The expected output is the line with "1840 1d black" plus all lines after it to the end of the material below, reproduced exactly, with pictures omitted and nothing else included.
--- Available data ---
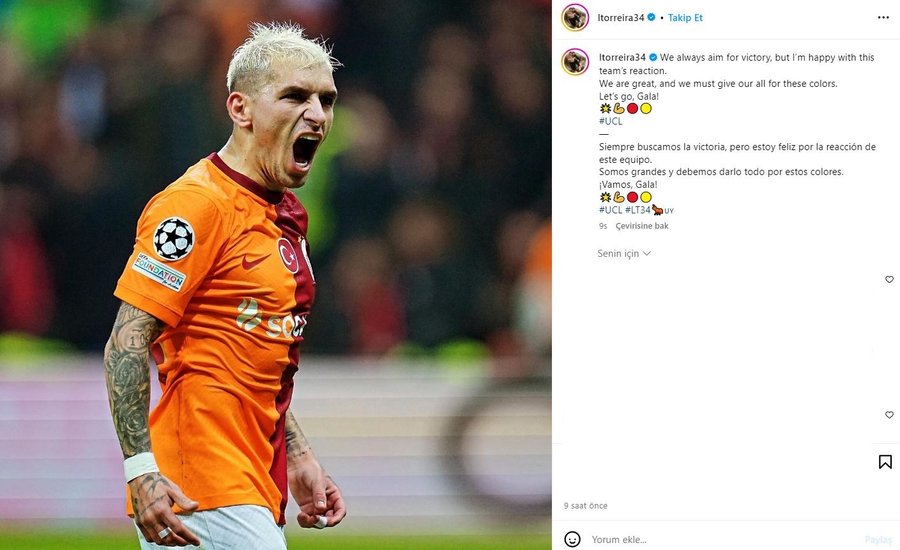 Lucas Torreira gönderisinde, "Her zaman zaferi hedefliyoruz ama bu takımın gösterdiği reaksiyondan dolayı mutluyum." dedi.
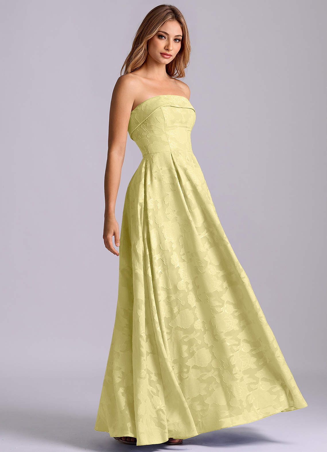 Lemon Sorbet A-Line Strapless Floral Burnout Dress
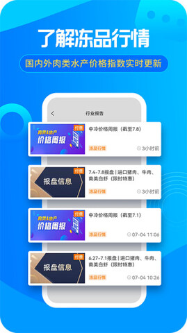 2.软件会通过冻品指数和价格周报,定期发布猪肉价格、牛肉价格、各种海鲜和水产品的羊肉价格。
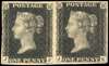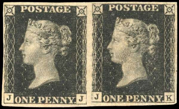 1840 1d black Pl. 5, horizontal pair (JJ-JK), with four good margins, mint, large part o.g., the right stamp with a toned spot, otherwise fine. An attractive multiple. SG 2, Spec. AS25, £35,000.
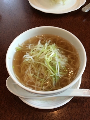ここでアワビの煮込みが登場しました〜!大きめなアワビでしたよ〜!隣の席のお客さんが葱ソバをおいしそうにすすっている音を聞いてしまい、、早く葱ソバがたべたくなってしまいました〜!
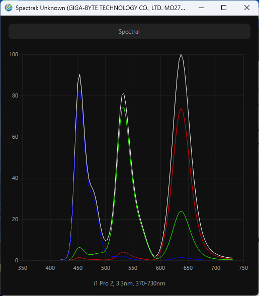 Взгялнем на полученные данные в ходе инструментальных замеров основных режимов монитора Gigabyte:
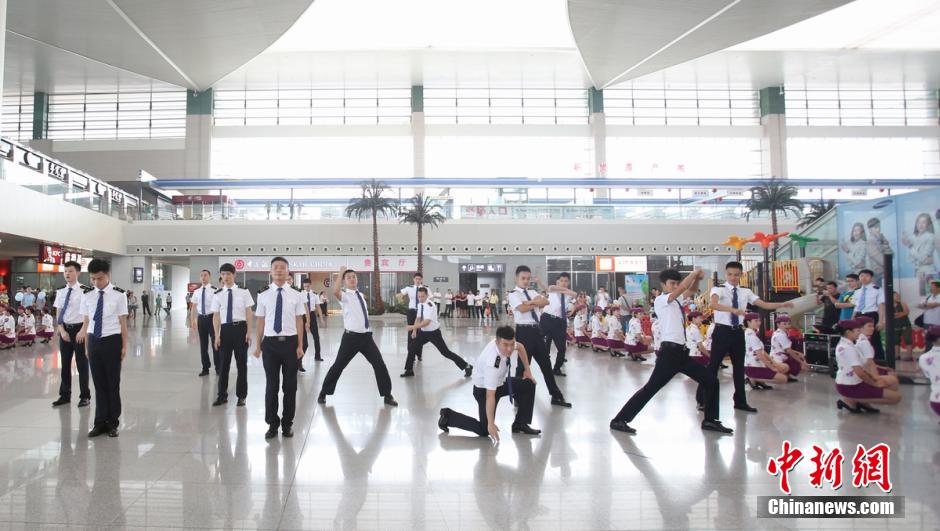 More than one hundred staff members of the Chengdu East Railway Station stage a flash mob dance to celebrate the operation of high-speed trains from Chengdu to Shanghai, Nanjing, and Wuhan in Chengdu, capital of southwest China's Sichuan province on July 1, 2014. (Chinanews.com/Zhu Linlin)
---
Exercise output:
 1840 1d black Pl. 5, horizontal pair (JJ-JK), with four good margins, mint, large part o.g., the right stamp with a toned spot, otherwise fine. An attractive multiple. SG 2, Spec. AS25, £35,000.
ここでアワビの煮込みが登場しました〜!大きめなアワビでしたよ〜!隣の席のお客さんが葱ソバをおいしそうにすすっている音を聞いてしまい、、早く葱ソバがたべたくなってしまいました〜!
 Взгялнем на полученные данные в ходе инструментальных замеров основных режимов монитора Gigabyte:
 More than one hundred staff members of the Chengdu East Railway Station stage a flash mob dance to celebrate the operation of high-speed trains from Chengdu to Shanghai, Nanjing, and Wuhan in Chengdu, capital of southwest China's Sichuan province on July 1, 2014. (Chinanews.com/Zhu Linlin)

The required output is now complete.